Eu, particularmente, sempre defendi a formação que tive na universidade federal pela solidez do ensino teórico. Não tínhamos bons laboratórios de foto ou bons estúdios de TV e Rádio, mas tínhamos pensamento. Aprender a mexer em botõezinhos se faz em poucas horas e o mercado se encarrega. Além do que a tecnologia está mudando muito rapidamente e é impossível que a universidade acompanhe esse ritmo. Agora, uma formação para a vida é que faz um bom entrevistador, alguém que entende a sociedade em sua complexidade e que saberá ir atrás das informações com competência. Isso sim faz um bom repórter! Quanto ao futuro do jornalismo, Wagner mostrou estar antenado às transformações operadas com as novas tecnologia da comunicação. Alinhado com o que comentei aqui em outro texto, quando falava de Wolton, o jornalista de ZH defendeu que a disseminação de espaços informativos, as redes sociais, as micromídias, tecnologias móveis, blogs, jornalismo colaborativo etc ao invés de levarem ao fim da profissão de jornalista estão a exigir cada vez mais competência desses profissionais, que teriam de se relegitimar na condição de mediadores através da competência (daí a importância daquela formação sólida comentada acima). Com relação ao futuro do jornal, foi taxativo - pouco importa em que veículo ou meio a informação será repassada. Seja no computador ou no celular, a apuração da notícia, que é a base do trabalho jornalístico, continuará sendo necessária. Surpreendeu sua avaliação de qual seria o meio do futuro - o rádio, pelo seu alcance, penetrabilidade, facilidade de acesso e relação custo-benefício. Mas, o rádio terá de se reciclar, assim como o jornal, que se tornará mais analítico.
2 comentários:
bom saber como foi. infelizmente não pude ir. estava fazendo um trabalho. valeu, abraço.

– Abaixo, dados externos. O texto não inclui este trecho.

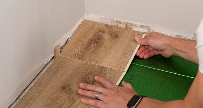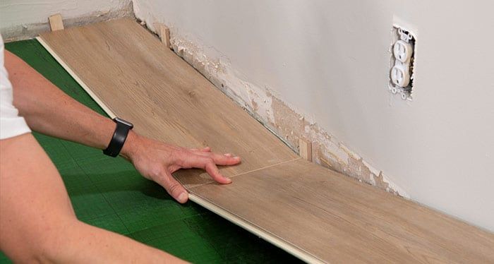 Starting from the left with the tongue-side facing the wall, carefully place the first board in place, using spacers to leave a 3/8” expansion gap between wall and edges of the plank.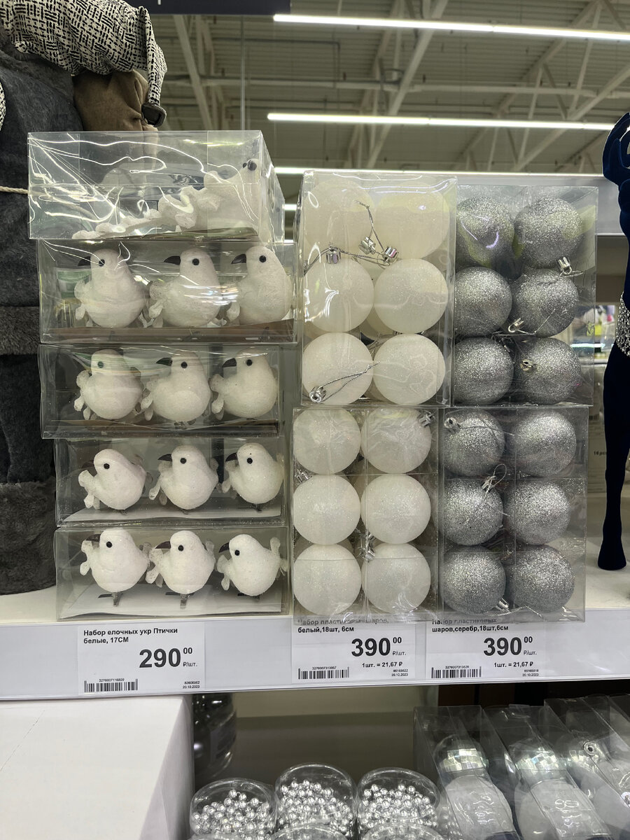 Новогодняя тема набирает популярность. Магазины, как будто на перегонки стараются успеть обогнать друг друга и забить магазинные полки новогодним товаром, чуть ли не с начала октября. Мне кажется к концу декабря уже будет тошнить от этих игрушек, и так такой уже переизбыток. Особенно когда в Краснодаре +25, какой Новый год может быть😁 Приветствую всех читателей на моем канале 👋 А с другой стороны, лучше наверное купить все заранее и не бежать под конец года, толкаться и драться в очередях, ну а что, бывает и такое 😅 И так смотрим что же Леруа приготовил из новогоднего в этом году? Как всегда беру вас с собой 😄 Эта статья носит исключительно развлекательно информационный характер и это никакая не реклама, никого не призываю к покупке какого-либо товара. Новогодние игрушки. Пластмассовые, стеклянные, в наборе, и по отдельности. Цены разные есть шарик и за 15 рублей, есть и за 150🤷♀️ Все расставлено по определенной цветовой гамме. Удобно подобрать шарики между собо

Ótimo texto, Luciana! Construir discursos sobre o real é uma definição interessante do fazer jornalístico. Antes eu acreditava que o jornalismo poderia ser uma função social, poderia atuar na transformação da sociedade. Mas agora eu não sei mais. Estou cética como o professor Rondom. Gostei da fala do Wagner, mas acho que ele deu algumas respostas bem evasivas a certas perguntas feitas pelos alunos. Algumas vezes senti um certo desdém no tratamento dele a alguns questionamentos. Ele não soube responder ao Rondom porque os grandes jornais dão sempre a mesma versão do fato, ou seja, não procuram outras fontes. ELe defendeu o jornalismo investigativo, mas disse que dar outras versões do fato compete a imprensa alternativa. Foi bem como o Rondom falou: na grande mídia não há muitas opções como se apregoa. Mas, foi válido. Também vou falar da visita dele em post que pretendo publicar na quinta-feira.